Le choc de la prison
Pendant ce temps, Linda, les enfants et les musiciens sont emmenés à l’hôtel Okura, celui où John Lennon et Yoko Ono avaient leurs habitudes. La suite présidentielle habituellement réservée aux Lennon est attribuée aux McCartney. Mais Paul McCartney va connaître une résidence moins luxueuse.
Emmené au quartier général de la police de Tokyo Paul subit des heures d’interrogatoires. Il signe une confession dans laquelle il reconnait que ce « chanvre indien » lui a été donné par des amis et qu’il est bien destiné à sa seule consommation personnelle. Mais la machine judiciaire est en marche (Carlos Ghosn connait…) et la libération sous caution n’existant pas à l’époque au Japon, l’individu doit être emprisonné pendant la durée de l’enquête. Paul part en détention provisoire dans le même bâtiment. L’auteur de la biographie de McCartney, Philip Norman (Editions Robert Laffont) raconte que Paul est délesté de ses effets personnels, y compris son alliance, et conduit dans une minuscule cellule munie d’une petite natte pour tout mobilier, passant une première nuit terrifié à l’idée qu’il allait sans doute être violé. Linda craignant pour sa part qu’il soit torturé… Dans l’imaginaire occidental, les Japonais sont sans pitié.
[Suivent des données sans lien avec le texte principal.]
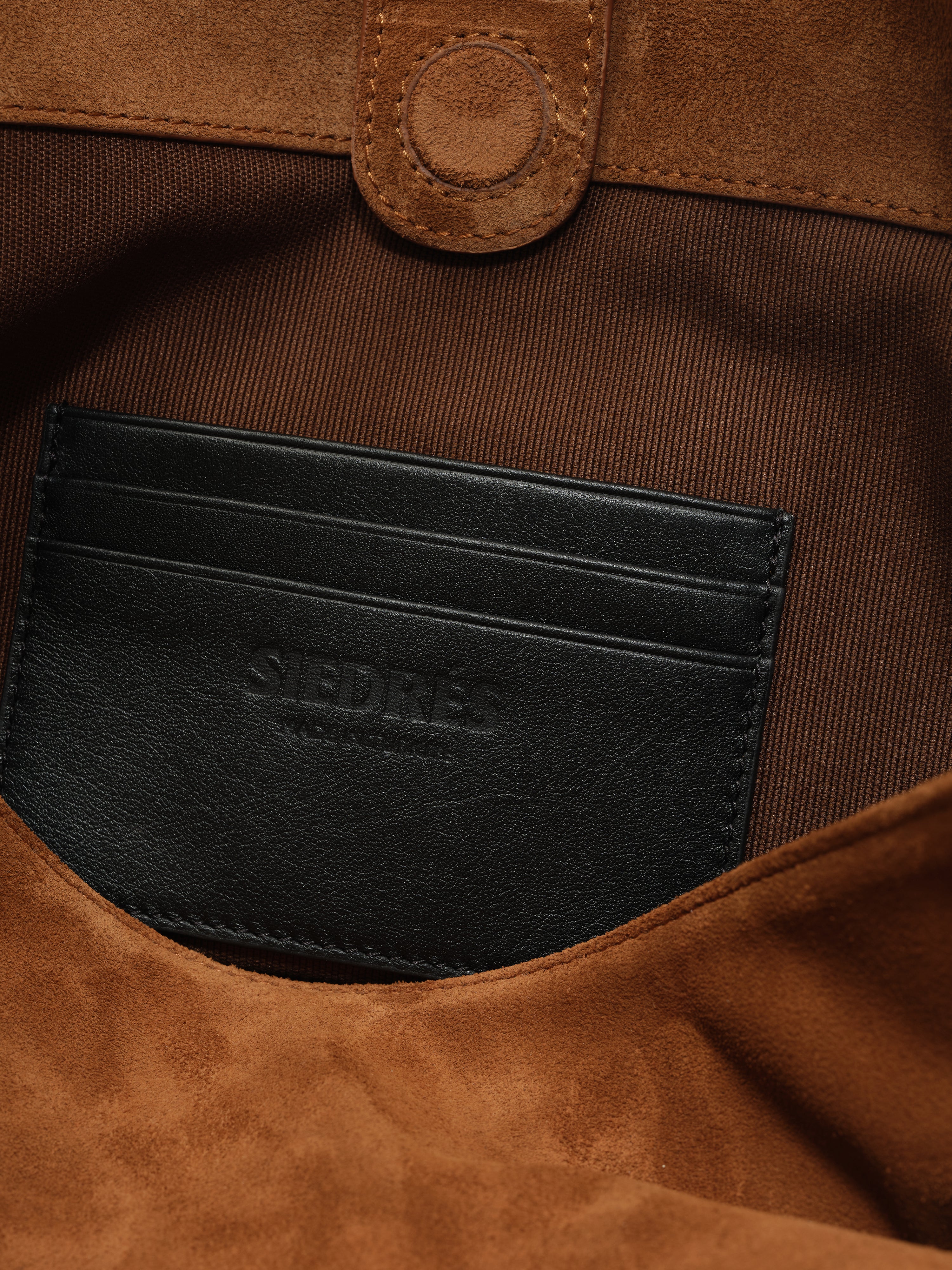 Main body: Calf Suede Shoulder strap: %100 Calf Leather Gabardine Lining

Le lendemain Paul subit un nouvel interrogatoire qui dure six heures, pendant que la télévision japonaise diffuse des images de lui, menottes aux poignets. En coulisses tout le monde s’active : le directeur général de sa société notamment organisatrice des concerts (tous annulés aussitôt), son avocat, frère de Linda, et un diplomate de l’ambassade britannique qui obtient un droit de visite et le trouve calme mais très soucieux pour Linda et les enfants.
Le lendemain nouvel interrogatoire, dans le bureau du procureur. Il apprend qu’il encourt une peine de sept ans de prison avec travaux forcés. Et que l’enquête doit durer dix jours pendant lesquels il doit rester derrière les barreaux, dans la sinistre prison de Kosuge qui accueille des criminels de tout acabit.
Le monde entier est stupéfié et comme pour Carlos Ghosn le traitement médiatique est considérable. Les humoristes ne sont pas en reste, l’un d’eux racontera que les valises de Paul avaient continué à planer longtemps après l’atterrissage.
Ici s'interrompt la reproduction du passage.